Выходила вслед за Иваном Михайловичем в коридор. Ждала от него какого-нибудь слова в помощь.
– Ничего, ничего утешительного сообщить не могу, – говорил он. – Мы бессильны. (Напоминаю читателям: антибиотиков в ту пору не существовало.)
Один раз, уже к утру, когда Люша минут на 10 уснула, Иван Михайлович, поглядев на нее, вдруг спросил: «А скажите, пожалуйста, кто у вас в семье „Митя“? Я, конечно, прошу прощения...»
Оказалось, когда Люшу хлороформировали, то, как всегда это бывает, задавали ей вопросы: проверить, уснула уже больная или нет. Люшу спрашивали:
– Как зовут твою маму?
– Лидия Корнеевна.
– А папу?
– Цезарь Самойлович.
– А дедушку?
– Корней Иванович.
– А бабушку?
– Мария Борисовна.
Конец вопросам. Веки опущены. Неподвижность, молчание. Хирург уже готов был приняться за дело. Но вдруг поднялись веки.
– Ау нас еще Митя есть, – пробормотала Люша уснувшим голосом. – Почему вы не спрашиваете? Его называют Матвей Пе... – Тут она уснула.
Да, у нас еще Митя был. Когда утром я позвонила ему (Иван Михайлович, сменяясь, позволил мне позвонить из врачебного кабинета), я, услышав в трубке Митин голос, захлебнулась слезами и не могла выговорить ни слова.
– Слушаю, слушаю! – кричал Митя отчаянным голосом.
– Это я, – сказала я наконец и снова умолкла.
– Лида! – кричал Митя. – Ну говори же!
– Еще жива, – сказала я.
– Я привезу Шаака, – ответил Митя. – Ты слышишь, Лидочка? Я привезу Шаака. Мне посоветовал Михаил Михайлович. Он говорит, это гениальный хирург. Одна из его специальностей – дети... Он не только врач, он ученый... У него специальные работы по нагноительным процессам... И по местной анестезии... Михаил Михайлович дал мне телефон и адрес. Я уже с ним созвонился и еду за ним.

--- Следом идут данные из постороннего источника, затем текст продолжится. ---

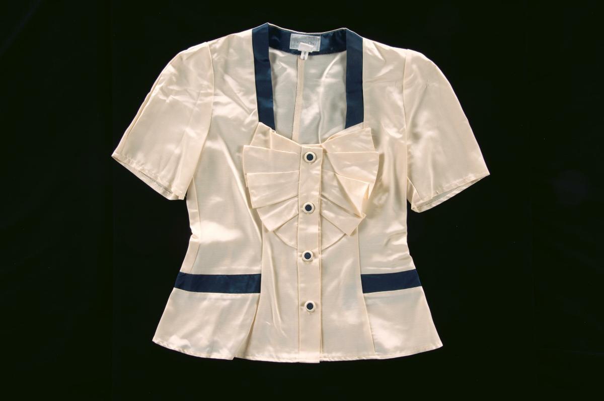 Off-white fitted jacket with pleated peplum by Benny Ong

Далее я помню все в обрывках, не по порядку. Рану не зашивали, рана все гноилась. Вдруг Люшу снова взяли в операционную. Я шла рядом с каталкой и держала Люшу за руку. Рука была равнодушная, холодная и, когда я ее отпустила, упала на простыню. Я осталась в коридоре, а в операционную вошли трое – Иван Михайлович, затем главный врач всей больницы (или одного лишь хирургического отделения? не помню), профессор Берг, а с ним еще один, тоже в белом халате, рыжеватый, высокий. Я слышала, что Люша громко плачет – это ей меняли в ране тампон. Потом ее повезли обратно в палату, все трое врачей вышли следом и меня позвали с собою.
Мы в кабинете Берга. В окно глядят черные, в белом снегу, благородные липы. Берг сел за свой письменный стол. Он казался мне важным и строгим. Только пробыв в больнице около двух месяцев, я поняла, что и строгость, и важность прикрывали нежную любовь к детям и недоверие к взрослым: всяким там мамам, бабушкам, папам, которые своею невежественной, излишней заботой могут загубить больного ребенка: то возьмут его на руки, когда нельзя, то накормят чем попало.
Иван Михайлович смотрел на меня с соболезнованием.
Рыжеватый был Шаак.
Стульев не хватило, я села на подоконник, а передо мной остановился Шаак. Но заговорил не он.
– Девочка безнадежна, – сказал из-за стола Берг. – Теперь все зависит от вас. То есть я хочу сказать, попытка спасти. Аппендикс удален с опозданием. Вильгельм Адольфович предлагает собрать гной в другом месте и вторично вскрыть брюшину. Операция рискованная. Мы таких обычно не делаем. Да они и не отработаны. Без вашего разрешения мы не вправе рисковать. Но профессор Шаак находит, что процентов десять на успех все-таки есть. Я с ним согласен. Иван Михайлович тоже. Требуется ваше разрешение.
Он порылся в ящике стола и вынул какой-то бланк.
– Значит, надежда есть? – спросила я у Шаака.
– Я не Бог, я всего только Шак, – ответил он, глянув мне прямо в лицо. – Я согласен сделать попытку.